Install or Quick-Start
Python versions:
pip install tool-result-cache # Python LRU+TTL cache
pip install agentvet # Python arg validator
pip install token-budget-pool # Python budget enforcer
Rust crate versions (same APIs via PyO3):
pip install tool-result-cache-rs
pip install agentvet-rs
# token-budget-pool is a native Rust crate; use cargo for native apps
Siblings Table
| Library | Language | When to use the Rust version |
|---|---|---|
tool-result-cache / tool-result-cache-rs
|
Python / Rust+PyO3 | 100+ RPS with concurrent agents hitting the cache |
agentvet / agentvet-rs
|
Python / Rust+PyO3 | Arg validation on every tool call at high QPS |
token-budget-pool |
Rust (PyO3 binding for Python) | Native app without Python runtime, or budget enforcement at extreme QPS |
llm-retry / llm-retry-rs
|
Python / Rust | Retry logic with backoff in a tight loop (rare: retries should be slow by design) |
agentguard / agentguard-rs
|
Python / Rust+PyO3 | Egress allowlist enforcement at gateway-level QPS |
What is Next
The migration tooling is the next investment.
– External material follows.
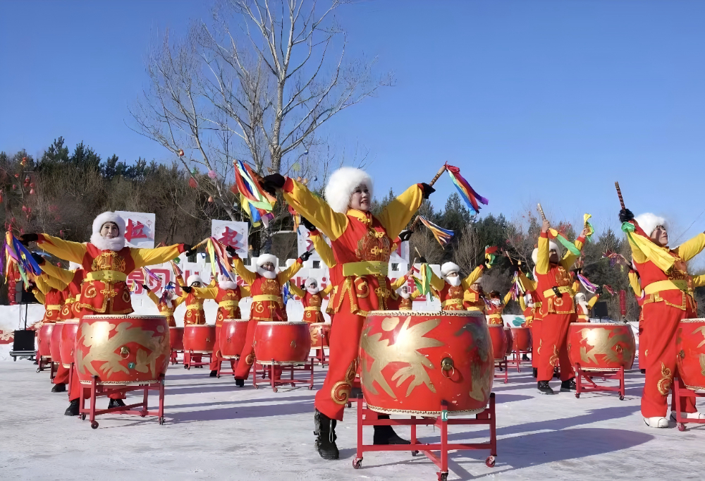 黑龙江省佳木斯同江市三村镇拉起河村以威风锣鼓、雪地秧歌等特色文化活动,勾勒出“雪韵村郭、鼓乐闹元宵”的生动图景。

Porting requires writing a PyO3 wrapper, testing it against the Python test suite, and publishing to both PyPI and crates.io. That is about 4-6 hours of work per library. The goal is to create a template that reduces that to 2 hours.
A benchmark suite that runs both the Python and Rust versions against the same workload and outputs a comparison table is also planned. Right now, the before/after numbers above are from manual profiling. An automated benchmark would make the migration decision more objective.
If you are working through the Hermes Agent Challenge sprint and you have a performance-sensitive component, run a profiler first. If the bottleneck is your own code and not the LLM or network, reach for the Rust version. Otherwise, the Python version is simpler and easier to maintain.